AVAILABLE DATA
%%
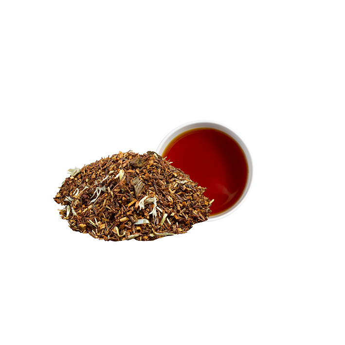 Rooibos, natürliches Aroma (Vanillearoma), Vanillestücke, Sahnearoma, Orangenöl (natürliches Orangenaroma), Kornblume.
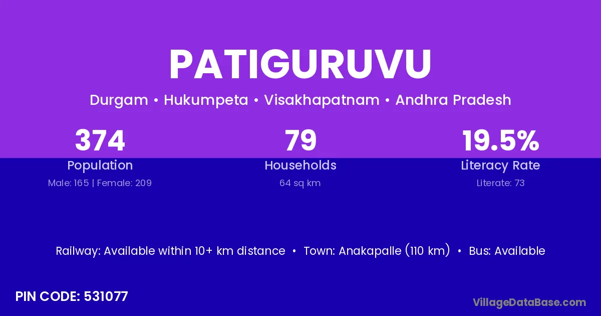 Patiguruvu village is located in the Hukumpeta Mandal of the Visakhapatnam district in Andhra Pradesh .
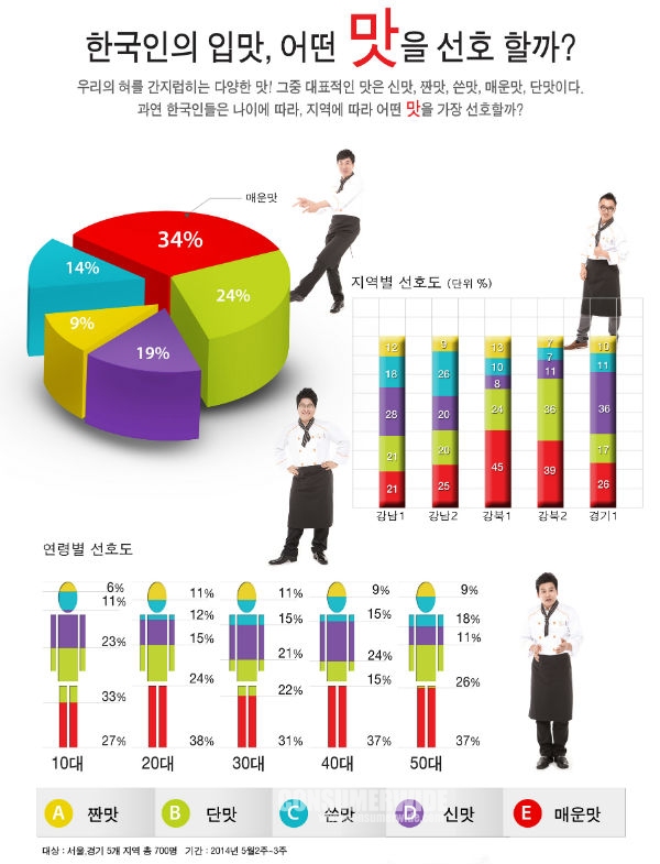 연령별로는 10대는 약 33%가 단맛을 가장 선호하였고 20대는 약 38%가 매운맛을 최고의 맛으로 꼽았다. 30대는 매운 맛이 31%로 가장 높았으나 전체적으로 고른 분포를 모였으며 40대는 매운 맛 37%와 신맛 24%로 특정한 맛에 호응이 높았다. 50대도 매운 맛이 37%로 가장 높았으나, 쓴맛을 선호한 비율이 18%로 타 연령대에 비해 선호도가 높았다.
%%
%%
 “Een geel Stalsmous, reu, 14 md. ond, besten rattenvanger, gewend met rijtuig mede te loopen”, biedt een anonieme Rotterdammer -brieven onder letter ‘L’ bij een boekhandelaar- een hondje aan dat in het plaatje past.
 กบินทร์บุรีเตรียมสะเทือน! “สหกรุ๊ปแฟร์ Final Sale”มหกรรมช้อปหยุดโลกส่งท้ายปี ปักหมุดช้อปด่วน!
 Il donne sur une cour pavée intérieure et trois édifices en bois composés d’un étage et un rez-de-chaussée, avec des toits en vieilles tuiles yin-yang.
%%
WORK INSTRUCTION
All lines above from the one containing "Rooibos, natürliches Aroma" up to and including the one containing "연령별로는 10대는 약" are to be set down exactly, and nothing else. Leave images out.

EXPECTED ANSWER
 Rooibos, natürliches Aroma (Vanillearoma), Vanillestücke, Sahnearoma, Orangenöl (natürliches Orangenaroma), Kornblume.
 Patiguruvu village is located in the Hukumpeta Mandal of the Visakhapatnam district in Andhra Pradesh .
 연령별로는 10대는 약 33%가 단맛을 가장 선호하였고 20대는 약 38%가 매운맛을 최고의 맛으로 꼽았다. 30대는 매운 맛이 31%로 가장 높았으나 전체적으로 고른 분포를 모였으며 40대는 매운 맛 37%와 신맛 24%로 특정한 맛에 호응이 높았다. 50대도 매운 맛이 37%로 가장 높았으나, 쓴맛을 선호한 비율이 18%로 타 연령대에 비해 선호도가 높았다.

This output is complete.